- Record excerpts:
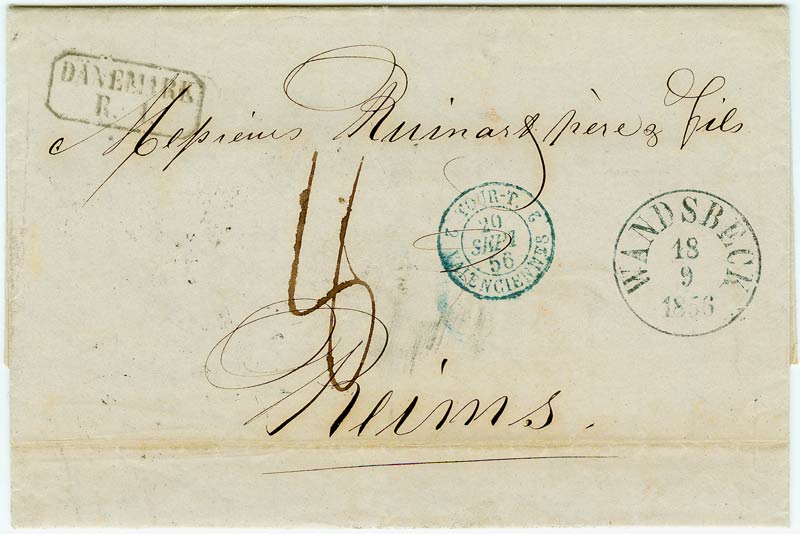 Vom 18.9.1856 aus dem 1. Dänischen Rayon von Taxis in Hamburg mit dem Stempel "Dänemark/ R.1." (v.d.Linden Nr. 903) gestempelt. Siegelseitig ist der dänische Anteil von 1 Sgr in Rötel angeschrieben. Dazu kamen 3 Sgr als Transitporto für Taxis/DÖPV und der französische Inlandsanteil von 3 Decimes. Ausland 4 Sgr = 5 Decimes + 3 Decimes Inland = 8 Decimes Gesamtporto von Frankreich berechnet.
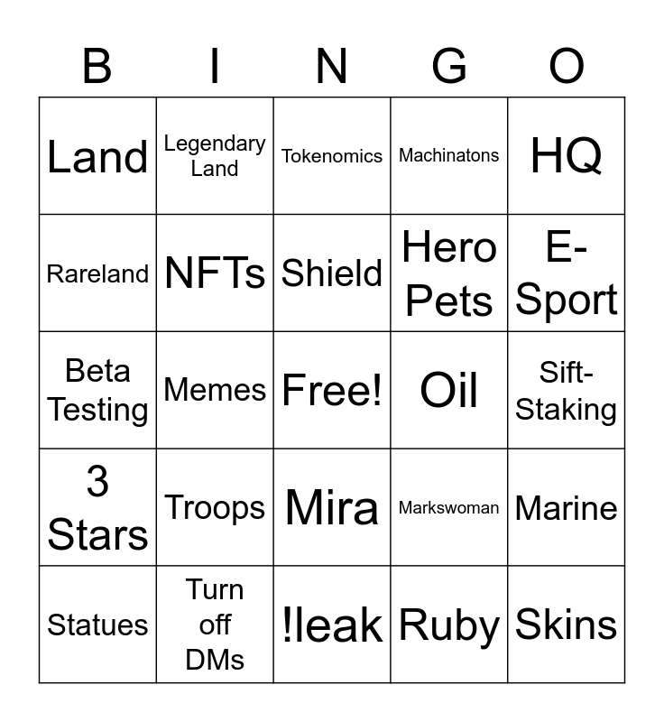 This bingo card has a free space and 24 words: Statues, Troops, Shield, Ruby, HQ, Land, Legendary Land, Tokenomics, Oil, Sift-Staking, Beta Testing, NFTs, Markswoman, Marine, Rareland, Turn off DMs, !leak, Machinatons, E-Sport, 3 Stars, Memes, Mira, Hero Pets and Skins.
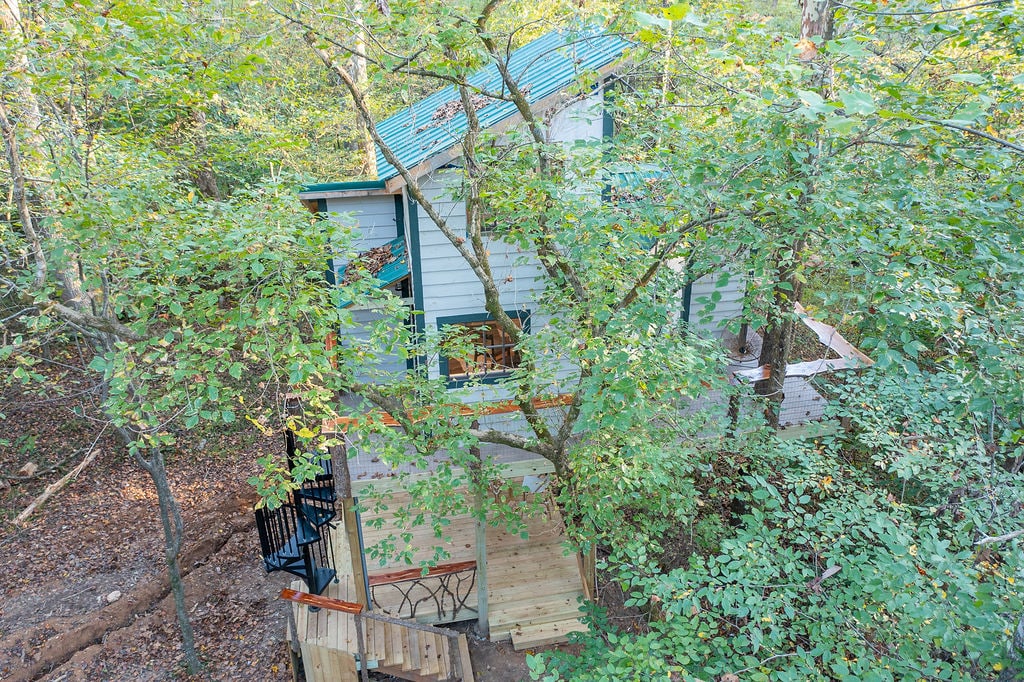 You'll love this unique and romantic escape. Come and disconnect from the world and reconnect with each other in the Treehouse at Backabit Farm. You can enjoy the indoor fireplace or outside propane fire pit! Private deck for gazing at the stars or watching the wildlife. Two person hammock tucked under the trees! Inside you will find king bed with a view out of the three large windows, loveseat, tv, microwave, small fridge, coffee station and quaint bathroom with tiled shower.
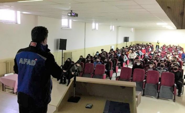 Erzincan Afet ve Acil Durum Müdürlüğü (AFAD) ekipleri, lise öğrencilerine ‘Afet Farkındalık ve Afet Gönüllülük Sistemi’ bilgilendirmesi eğitimi vererek farkındalık oluşturuyor.
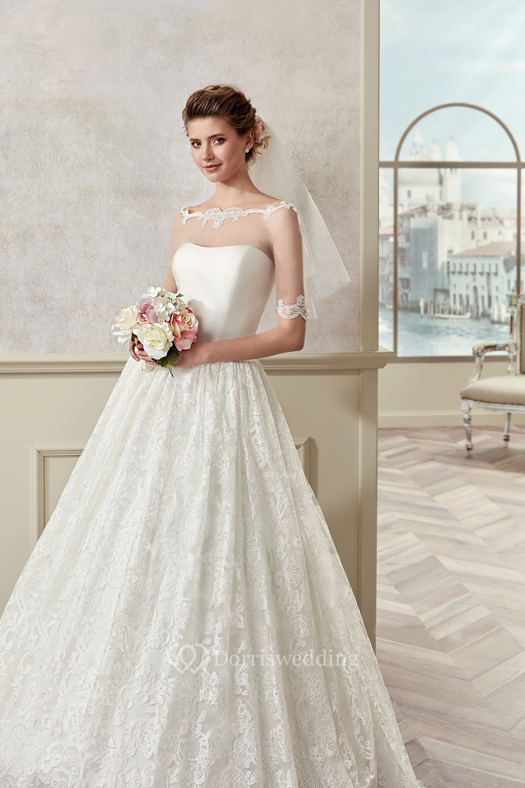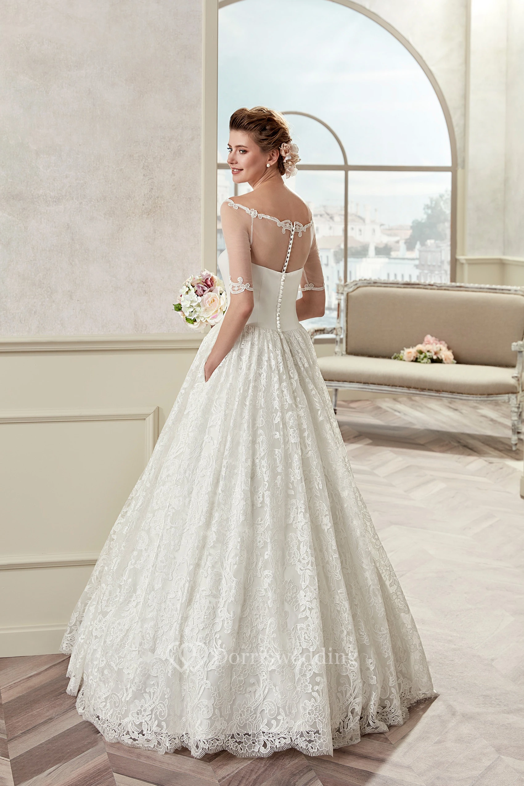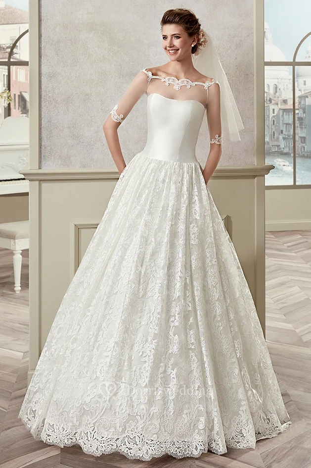 Half-Sleeve A-Line Bridal Gown With Off Shoulder And Illusive Design
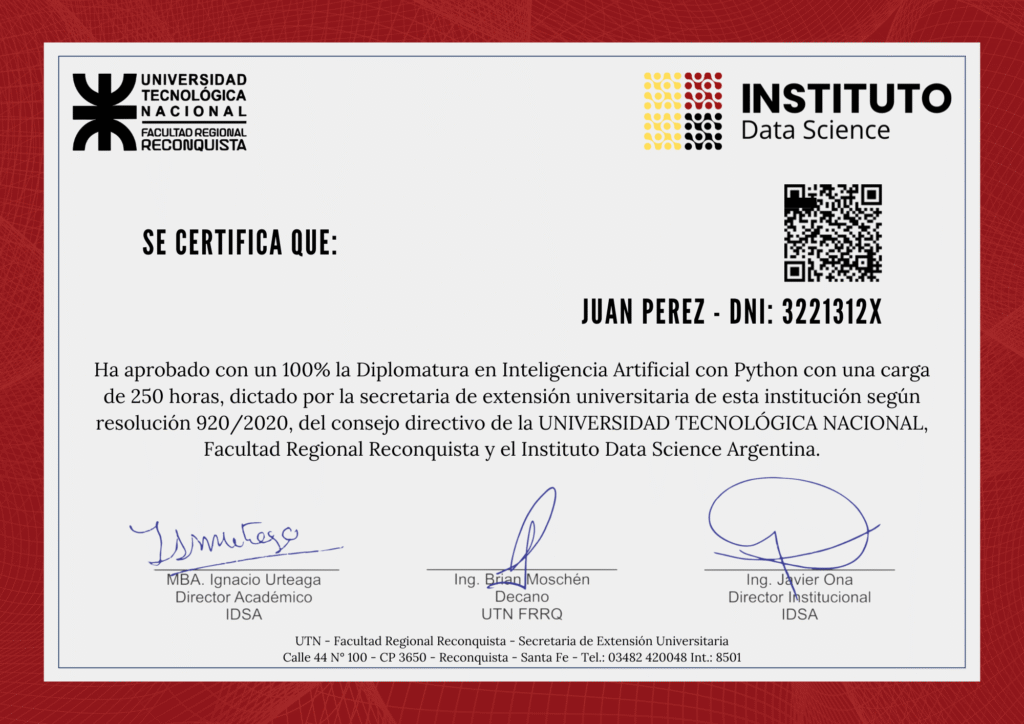 La calidad académica de nuestros cursos y diplomaturas ha sido avalada por la Resolución Nro. 290/20 de la Universidad Tecnológica Nacional sede Reconquista.
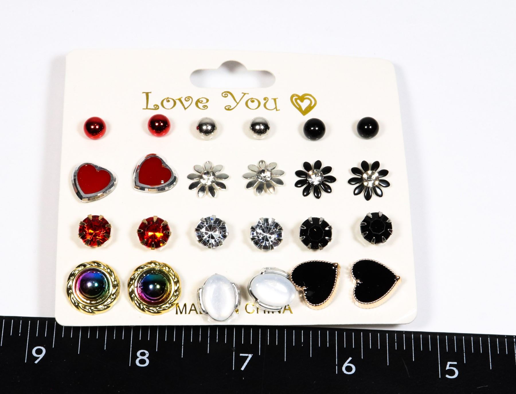 NEW 12 PC STUD EARRING SET RED, SILVER AND
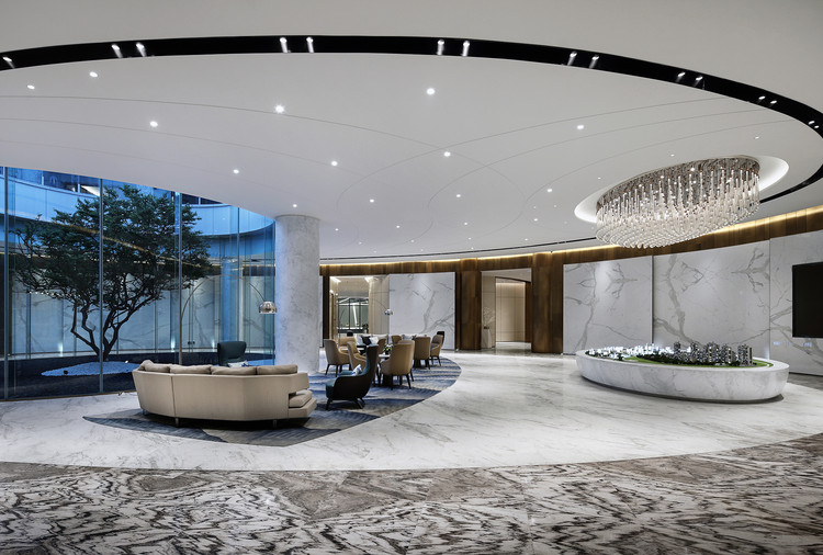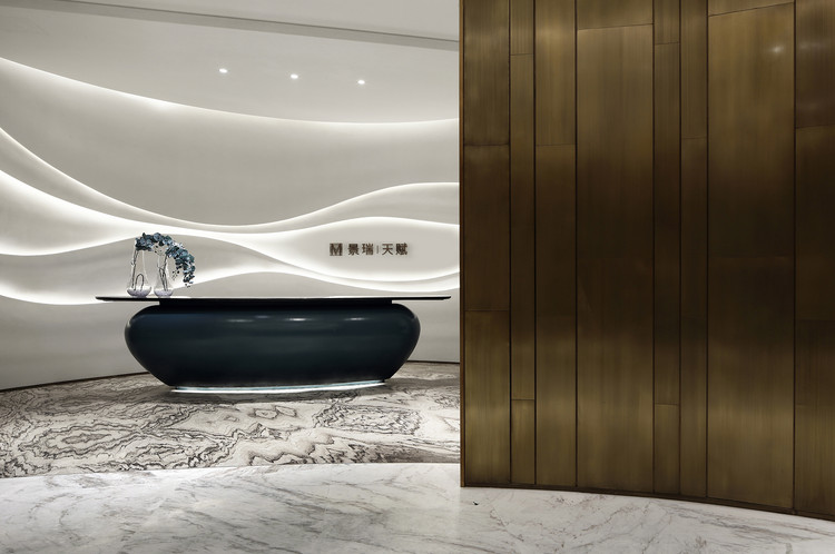 接待前厅设计师将轻波涟漪,动静交织,虚实相印作为表现意象。背景上荡开的水波层次分明,绵密柔顺如乐章,衬托着如霁蓝釉色的前台。铂晶山石形态的当代雕塑,透明精致,取名《凝石》。如果前面还是序曲微妙引导,来到大厅视野陡然扩大,则是洪波涌起,可谓“惊涛波澜来似雪,半入江风半入云”。大面积的留白设计让空间澄澈,展现出曲线美。
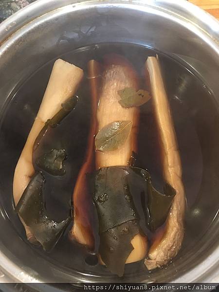 1. 自製昆布醬油:剪一小段昆布,昆布不要洗,擦乾就好,加醬油 、 糖 、 味醂 、 水 、 月桂葉,先把昆布泡開,接著把醬油昆布等煮滾,熄火待涼。
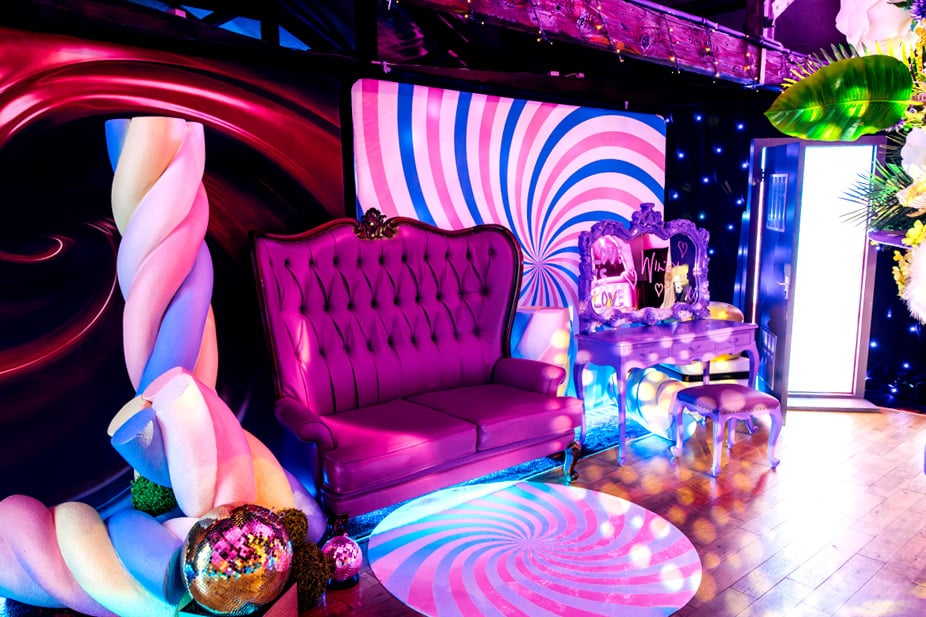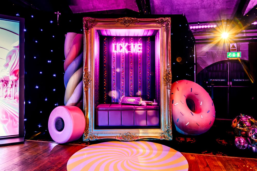 Guests posed on the iconic “Lick Me” framed seat, lounged on vibrant purple Chesterfields and wandered through illuminated Factory Gates. Each image showcases our chocolate factory themed decor, from oversized film-camera props to candy-cane walkways and light-box illusions that play tricks on the eye.
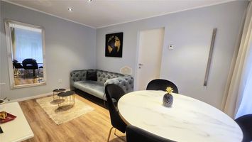 - Living modern, conectat cu bucătăria, cu canapea confortabilă și zonă de dining cu masă și 4 scaune, un loc perfect pentru relaxare, întâlniri cu prietenii sau momente de familie.
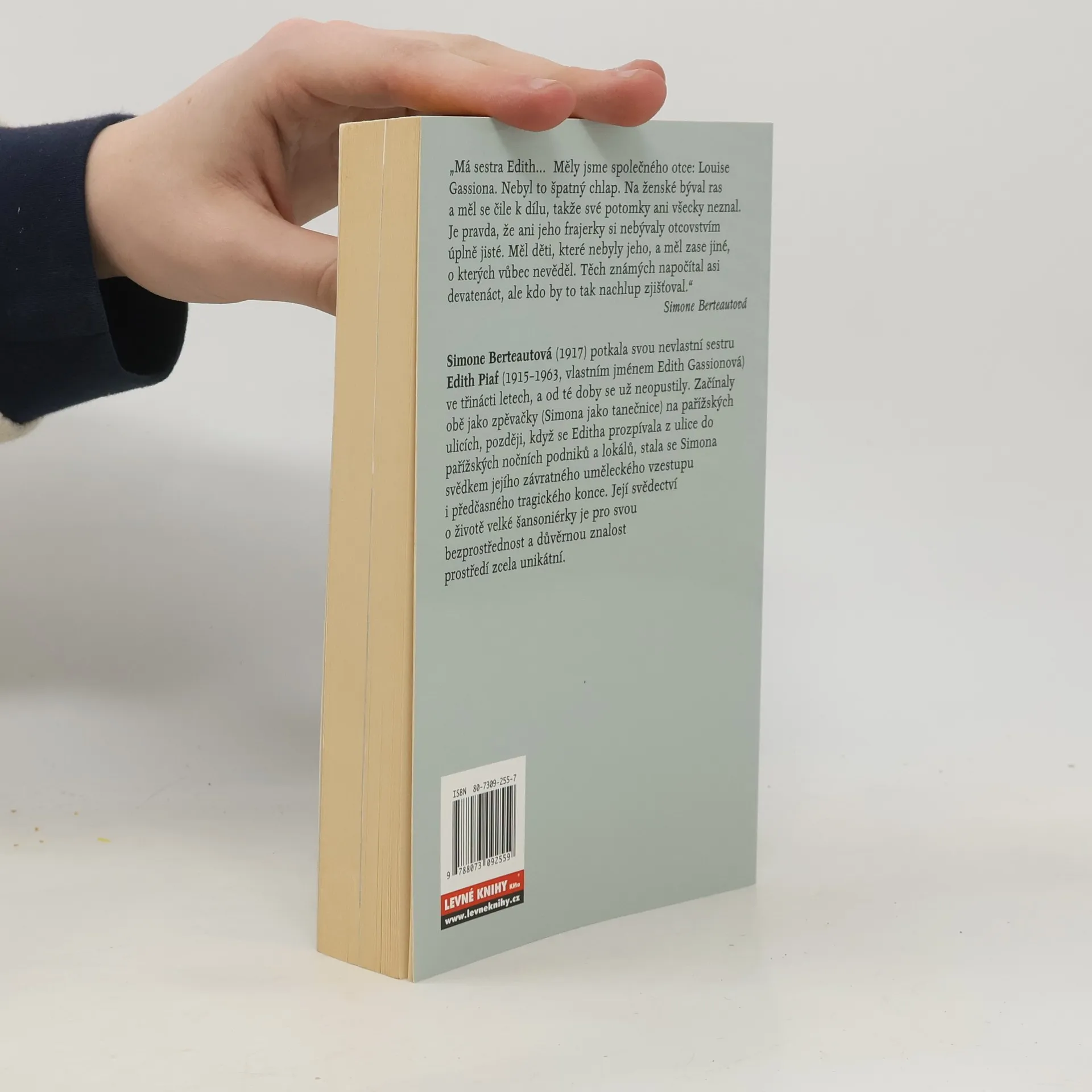Poutavé svědectví o životě Edith Piaf z pera její o dva roky mladší nevlastní sestry, také zpěvačky Simone Berteautové. Simone Berteautová popisuje závratný umělecký vzestup Edith, s níž se znala od svých třinácti let a už se pak nikdy neopustily. Měly společného otce – Louise Gassiona, takže vlastním jménem byla Edith Piaf Edith Giovanna Gassionová. Piaf je přezdívka, znamená česky „vrabčák“. S. Berteautová sleduje uměleckou kariéru Edith až do jejího předčasného tragického konce. Pro svou bezprostřednost a důvěrnou znalost prostředí jde o svědectví zcela unikátní.

- Exercise directions: Only the lines of the listing above from the one with "La calidad académica" through the one with "1. 自製昆布醬油:剪一小段昆布,昆布不要洗,擦乾就好,加醬油 、" should be output, exactly, with both ends kept and pictures left out.

- Result of this task:
 La calidad académica de nuestros cursos y diplomaturas ha sido avalada por la Resolución Nro. 290/20 de la Universidad Tecnológica Nacional sede Reconquista.
 NEW 12 PC STUD EARRING SET RED, SILVER AND
 接待前厅设计师将轻波涟漪,动静交织,虚实相印作为表现意象。背景上荡开的水波层次分明,绵密柔顺如乐章,衬托着如霁蓝釉色的前台。铂晶山石形态的当代雕塑,透明精致,取名《凝石》。如果前面还是序曲微妙引导,来到大厅视野陡然扩大,则是洪波涌起,可谓“惊涛波澜来似雪,半入江风半入云”。大面积的留白设计让空间澄澈,展现出曲线美。
 1. 自製昆布醬油:剪一小段昆布,昆布不要洗,擦乾就好,加醬油 、 糖 、 味醂 、 水 、 月桂葉,先把昆布泡開,接著把醬油昆布等煮滾,熄火待涼。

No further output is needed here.